[Brief]:
Make an exact copy of the records, and keep the pictures out of it.
*** Block opens ***
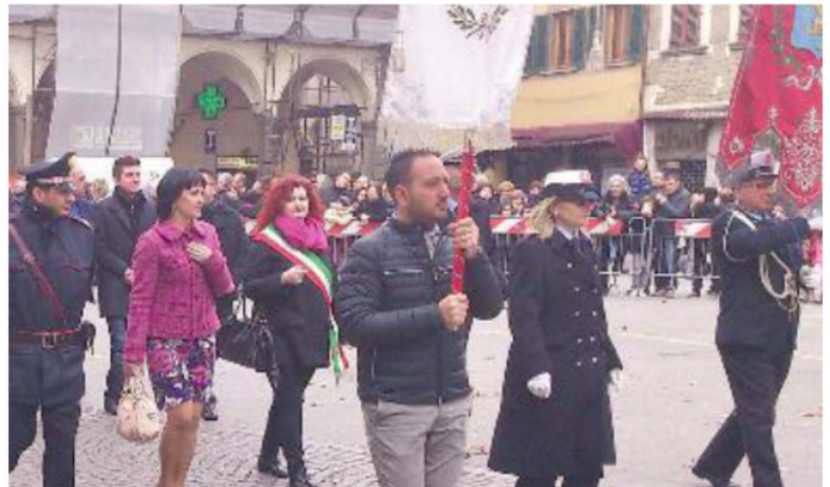
La sfilata che precede lo scoppio del carro a Figline Valdarno

che, se tutto andrà bene, si concluderà con l'accensione di una girandola dalla quale usciranno tante bandiere. Intanto la colombina, sempre se tutto andrà bene, sarà tornata nella collegiata. Il tutto ripreso da centinaia di telefonini che rilanceranno lo spettacolo sui social. Molto interesse è riversato sul 'volo' della colombina, perché antiche tradizioni lo legano ai raccolti che verranno. Finora solo poche volte la colombina non è tornata alla base.
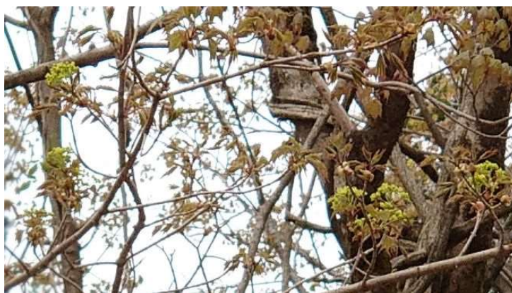
R03.04.25 イタヤカエデ開花

撮影したものを比較表にあらわしました、これから写真の撮り方をもっと工夫していきたいと思います。
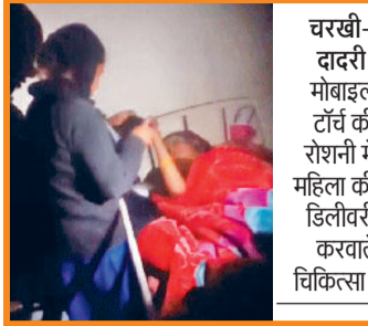
चरखी-दादरी। मोबाइल टार्च की रोशनी में महिला की डिलीवरी करवाते चिकित्स।

शुक्रवार रात चरखी दादरी के सामान्य अस्पताल में एक महिला ने मोबाइल टार्च की रोशनी में बच्चे को जन्म दिया। दरअसल डिलीवरी के दौरान अस्पताल परिसर के बिजली अचानक से गुल हो गई तथा जनरेटर भी तकनीकी खराबी के कारण नहीं चला। अस्पताल में पूरी तरह अंधेरा पसर गया। ऐसे में चिकित्सकों ने मोबाइल टार्च की रोशनी में डिलीवरी करवाई। गांव अटला निवासी एक महिला को प्रसव पीड़ा के कारण दादरी सामान्य अस्पताल में दाखिल करवाया गया था। महिला की डिलीवरी के दौरान अचानक अस्पताल परिसर की बिजली चली गई। इसके बाद कर्मचारियों ने जनरेटर को स्टार्ट करना चाहा, लेकिन तकनीकी खराबी के कारण वह नहीं चला। इसके बाद चिकित्सकों ने अपने अपने मोबाइल निकालकर टार्च चलाई। मोबाइल टार्च की रोशनी में ही महिला की डिलीवरी हुई तथा एक स्वस्थ बच्चे को जन्म दिया। महिला के परिजनों ने कहा कि सरकार सामान्य अस्पतालों में बेहतर चिकित्सा सुविधाओं का दावा करती है, लेकिन दादरी सामान्य अस्पताल में आज
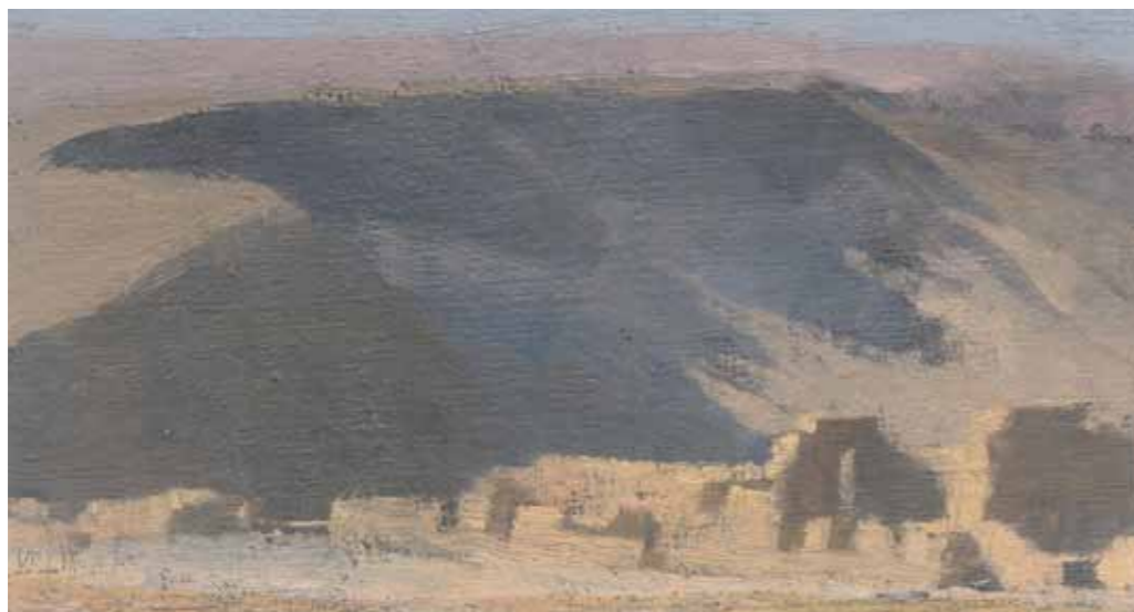
The Break in the Fence Oil on canvas mounted on plywood 17.5x31.5 cm
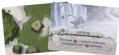
12 карт погоды
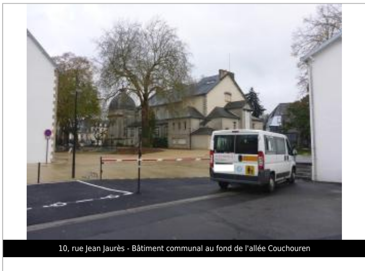
10, rue Jean Jaurès - Bâtiment communal au fond de l'allée Couchouren
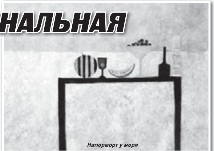
Натюрморт у моря
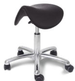
Saddle Classic Vip Alu
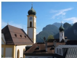
Mein Best of TIROL: schöne Orte, interessante Plätze und wundervolle Naturparadiese

Facebook +1.100 Follower Instagram (im Aufbau) Pinterest (im Aufbau)
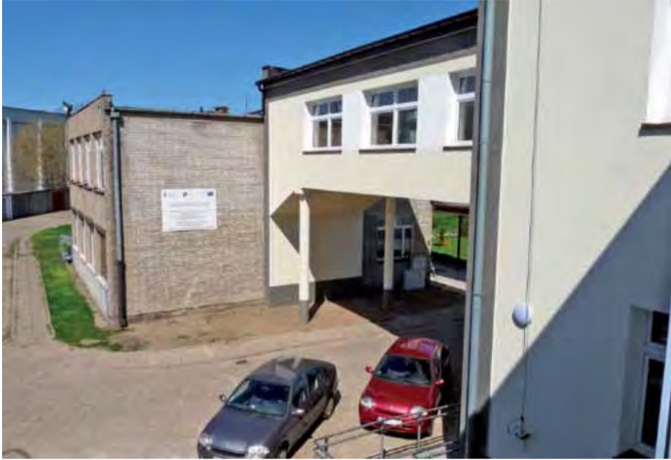
Dotychczasowy budynek szkoły połączony jest z dawnym budynkiem internatu widocznym łącznikiem.
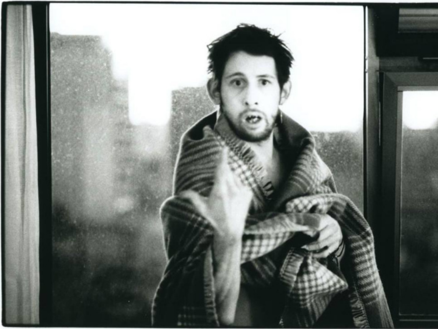
Shane McGowan.

Tornando alla canzone Fairytale of New York , il testo di Shane MacGowan è uno dei più schietti che si possano immaginare per una canzone natalizia. Shane non era mai stato a New York prima di scrivere la canzone, ma questo non gli impedì di imbastire la storia di due immigrati irlandesi che negli anni '40 del Novecento s'erano messi in testa di conquistare New York. Era l'America di Sinatra, quella delle macchine grandi come bar e dei fiumi dove scorreva l'oro. Le cose però, come può capitare, presero un'altra piega. Nel giorno di Natale i due si rinfacciano di tutto, a Shane MacGowan bastano due versi, due battute di un dialogo fra questi due amanti in crisi per rendere vivida la distanza che li separa in quel momento:
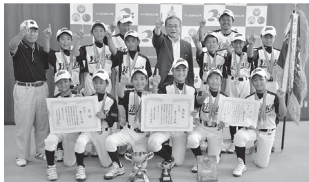
優勝した豊ナインズの皆さん
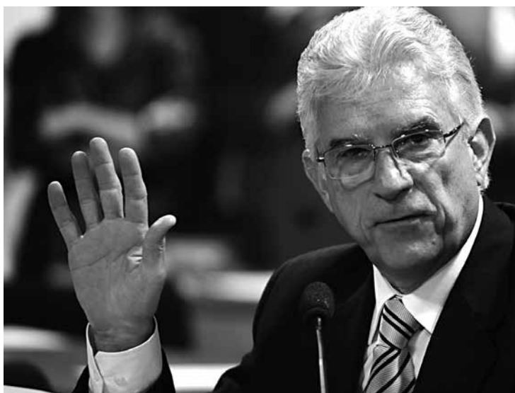
Líder Rubens Bueno vê frouxidão na reação do governo Dilma

Como o ministro tem foro privilegiado, só pode ser investigado por inquérito no STF, por isso a PF fez essa sugestão em relatório encaminhado à Justiça Federal de Santa Catarina. Filiados do PDT constavam da folha de pagamento da Agência de Desenvolvimento Regional do Vale do Rio Tijucas e Itajaí Mirim (ADRVale) sem nunca terem trabalhado para a entidade, que teria recebido R$ 11 milhões de convênios com o ministério. A PF em Santa Catarina confirmou
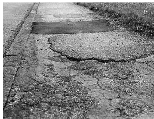
Figura 3: rivestimento riparato malamente; i dislivelli devono essere ridotti al minimo.
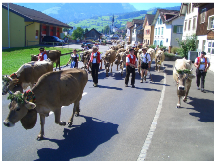
Traditionelle Tesler Alpabfahrt, wo Kulturen zusammenkommen

Der Herbst hat mittlerweile Einzug genommen und die Tiere auf den Gamser Alpen sind seit dem 13. September allesamt in ihre angestammten Heimbetriebe zurückgekehrt. Die Höhepunkte der Alpabfahrten setzten die Alpen Tesel und Abendweid, welche in traditioneller sennischer Art ihre Heimkehr angetreten haben (Abendweid bis Schwendi, Tesel bis Dorf Gams). Der Ortsverwaltungsrat unterstützt den traditionellen Alptrieb sehr und erfreut sich umso mehr an der Bereitschaft der Älpler diesen Aufwand auf sich zu nehmen und dieser schönen Tradition zu frönen.
*** Block closes ***
[Response below]:
La sfilata che precede lo scoppio del carro a Figline Valdarno

che, se tutto andrà bene, si concluderà con l'accensione di una girandola dalla quale usciranno tante bandiere. Intanto la colombina, sempre se tutto andrà bene, sarà tornata nella collegiata. Il tutto ripreso da centinaia di telefonini che rilanceranno lo spettacolo sui social. Molto interesse è riversato sul 'volo' della colombina, perché antiche tradizioni lo legano ai raccolti che verranno. Finora solo poche volte la colombina non è tornata alla base.
R03.04.25 イタヤカエデ開花

撮影したものを比較表にあらわしました、これから写真の撮り方をもっと工夫していきたいと思います。
चरखी-दादरी। मोबाइल टार्च की रोशनी में महिला की डिलीवरी करवाते चिकित्स।

शुक्रवार रात चरखी दादरी के सामान्य अस्पताल में एक महिला ने मोबाइल टार्च की रोशनी में बच्चे को जन्म दिया। दरअसल डिलीवरी के दौरान अस्पताल परिसर के बिजली अचानक से गुल हो गई तथा जनरेटर भी तकनीकी खराबी के कारण नहीं चला। अस्पताल में पूरी तरह अंधेरा पसर गया। ऐसे में चिकित्सकों ने मोबाइल टार्च की रोशनी में डिलीवरी करवाई। गांव अटला निवासी एक महिला को प्रसव पीड़ा के कारण दादरी सामान्य अस्पताल में दाखिल करवाया गया था। महिला की डिलीवरी के दौरान अचानक अस्पताल परिसर की बिजली चली गई। इसके बाद कर्मचारियों ने जनरेटर को स्टार्ट करना चाहा, लेकिन तकनीकी खराबी के कारण वह नहीं चला। इसके बाद चिकित्सकों ने अपने अपने मोबाइल निकालकर टार्च चलाई। मोबाइल टार्च की रोशनी में ही महिला की डिलीवरी हुई तथा एक स्वस्थ बच्चे को जन्म दिया। महिला के परिजनों ने कहा कि सरकार सामान्य अस्पतालों में बेहतर चिकित्सा सुविधाओं का दावा करती है, लेकिन दादरी सामान्य अस्पताल में आज
The Break in the Fence Oil on canvas mounted on plywood 17.5x31.5 cm
12 карт погоды
10, rue Jean Jaurès - Bâtiment communal au fond de l'allée Couchouren
Натюрморт у моря
Saddle Classic Vip Alu
Mein Best of TIROL: schöne Orte, interessante Plätze und wundervolle Naturparadiese

Facebook +1.100 Follower Instagram (im Aufbau) Pinterest (im Aufbau)
Dotychczasowy budynek szkoły połączony jest z dawnym budynkiem internatu widocznym łącznikiem.
Shane McGowan.

Tornando alla canzone Fairytale of New York , il testo di Shane MacGowan è uno dei più schietti che si possano immaginare per una canzone natalizia. Shane non era mai stato a New York prima di scrivere la canzone, ma questo non gli impedì di imbastire la storia di due immigrati irlandesi che negli anni '40 del Novecento s'erano messi in testa di conquistare New York. Era l'America di Sinatra, quella delle macchine grandi come bar e dei fiumi dove scorreva l'oro. Le cose però, come può capitare, presero un'altra piega. Nel giorno di Natale i due si rinfacciano di tutto, a Shane MacGowan bastano due versi, due battute di un dialogo fra questi due amanti in crisi per rendere vivida la distanza che li separa in quel momento:
優勝した豊ナインズの皆さん
Líder Rubens Bueno vê frouxidão na reação do governo Dilma

Como o ministro tem foro privilegiado, só pode ser investigado por inquérito no STF, por isso a PF fez essa sugestão em relatório encaminhado à Justiça Federal de Santa Catarina. Filiados do PDT constavam da folha de pagamento da Agência de Desenvolvimento Regional do Vale do Rio Tijucas e Itajaí Mirim (ADRVale) sem nunca terem trabalhado para a entidade, que teria recebido R$ 11 milhões de convênios com o ministério. A PF em Santa Catarina confirmou
Figura 3: rivestimento riparato malamente; i dislivelli devono essere ridotti al minimo.
Traditionelle Tesler Alpabfahrt, wo Kulturen zusammenkommen

Der Herbst hat mittlerweile Einzug genommen und die Tiere auf den Gamser Alpen sind seit dem 13. September allesamt in ihre angestammten Heimbetriebe zurückgekehrt. Die Höhepunkte der Alpabfahrten setzten die Alpen Tesel und Abendweid, welche in traditioneller sennischer Art ihre Heimkehr angetreten haben (Abendweid bis Schwendi, Tesel bis Dorf Gams). Der Ortsverwaltungsrat unterstützt den traditionellen Alptrieb sehr und erfreut sich umso mehr an der Bereitschaft der Älpler diesen Aufwand auf sich zu nehmen und dieser schönen Tradition zu frönen.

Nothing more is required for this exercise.